Skone v. Quanco Farms

261 Cal. App. 2d 237, 68 Cal. Rptr. 26, 1968 Cal. App. LEXIS 1739
CourtCalifornia Court of Appeal
DecidedApril 17, 1968
DocketCiv. 871
StatusPublished
Cited by12 cases

This text of 261 Cal. App. 2d 237 (Skone v. Quanco Farms) is published on Counsel Stack Legal Research, covering California Court of Appeal primary law. Counsel Stack provides free access to over 12 million legal documents including statutes, case law, regulations, and constitutions.

Bluebook
Skone v. Quanco Farms, 261 Cal. App. 2d 237, 68 Cal. Rptr. 26, 1968 Cal. App. LEXIS 1739 (Cal. Ct. App. 1968).

Opinion

GARGANO, J.

Respondent, a dealer in potatoes, brought this action against appellant Quanco Farms to restrain appellant from interfering with the harvesting of a potato crop. Quanco Farms is a corporation engaged in the business of farming. It is owned and controlled by Carl Quandt and H. F. Beckerdite. By stipulation of the parties the injunction issues were dropped and the harvest was allowed to proceed. Appellant then cross-complained, seeking damages against respondent for the alleged breach of their joint-venture agreement. The cause proceeded to trial on the issues raised by the cross-complaint, and at the conclusion of the trial the court granted judgment in favor of the respondent. This appeal followed.

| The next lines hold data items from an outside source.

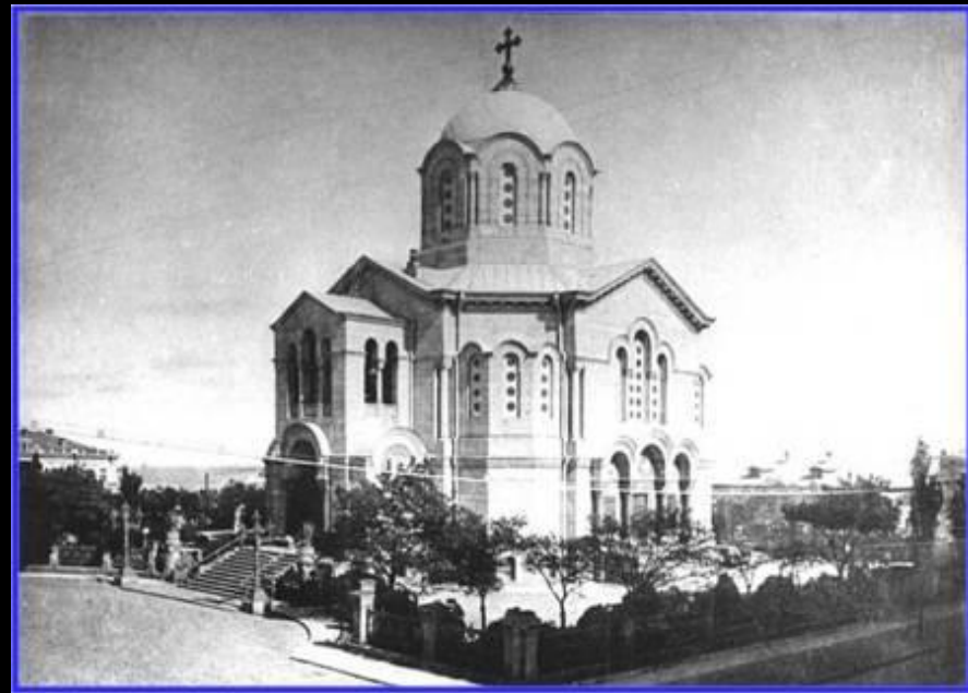
Владимирский собор (1854-1888 гг.) Архитектор К.А. Тон)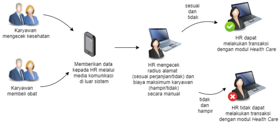
Gambar 2 Alur bisnis baru di PT Jojonomic Indonesia

Kajian yang dibahas adalah membuat dan mengembangkan modul Health Care yang merupakan bagian dari sistem JojoLive. Metodologi pengembangan sistem yang digunakan adalah metodologi Scrum. Metodologi Scrum adalah sebuah kerangka kerja di mana orang-orang dapat menyelesaikan permasalahan kompleks yang senantiasa berubah, di mana pada saat bersamaan menghasilkan produk dengan nilai setinggi mungkin secara kreatif dan produktif (Pressman 2010:82). Dengan dirancangnya sistem JojoLive, diharapkan dapat membantu divisi HR ( Human Resources ), divisi keuangan, dan Top Level Management untuk mengontrol pengeluaran di setiap transaksi beserta pencatatannya.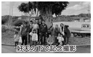
好天の下で記念撮影

沖永良部島古墓群については未解明の点も多くありますが、沖永良部の歴史について学べる有意義なツアーとなりました。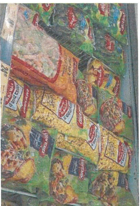
ירקות קפואים ברשת מזון

קוח קפואים ושמן זית – אמרו הנציגים: "אנחנו מצדדים בהפחית מכסים בצורה מבוקרת כרי- קוח הקפואים תוך ליווי ההורדה כבייקת השפעה על המשק. התעי רכה שלנו היא שמחירי הורקות הקפואים יורדו משמעותית". לגבי הכוונה לפתוח מכסות פטרות ממכס ליבוא שמן זית, אמר רד הנציגים כי הם מצדדים בכייטול מחלת של המכס: "ממילא מגדלים ישיאלים של עצי זית לא מספקים את כל הביקוש המקומי". מגדלי הזיתים מתכננים לעי- לוח היום לירושלים עם עצי זית כרותים צמועים בארזים, כחלק ממאבקם למניעת חודרת המכסים לדרביהם, ההורדה תפגע קשות בענף בישראל.

The remaining undisputed facts are essentially as follows:

Appellant suffered farming losses during the years 1962, 1963 and 1964. On December 28, 1964, appellant entered into a joint-venture agreement with respondent for the growing and marketing of potatoes for the 1965 crop year. The agree *240 ment inter alia provided that appellant would grow a crop of potatoes on farm land that it owned or controlled, and that respondent would harvest, pack and market the potatoes. The contract also provided that profits or losses resulting from the joint venture would be divided equally.

At the time that the joint-venture agreement was signed by the parties respondent had negotiated (and was in the process of negotiating) numerous contracts for the sale of potatoes to potato dealers in both the United States and Canada. These contracts, however, were not mentioned in the agreement nor were they formally assigned by respondent to the joint venture. Later, when the potatoes were harvested, respondent used the entire crop to fulfill his contractual commitments even though the price of potatoes had risen sharply.

Appellant raises numerous arguments to support its position that the trial court’s judgment should be reversed. However, appellant’s main contentions (and the ones determinative of the issues raised in this appeal) are essentially that (1) respondent breached his fiduciary duty to appellant when he used the joint-venture potatoes to fulfill his own contractual commitments, (2) the court erred when it admitted extrinsic evidence to show an oral agreement between the parties which authorized respondent to do so, (3) the evidence does not support the trial court’s finding of fact concerning respondent’s compliance with paragraph 5(e) of the joint-venture agreement, and (4) the findings of fact are not sufficient to support the trial court’s conclusions of law or the judgment.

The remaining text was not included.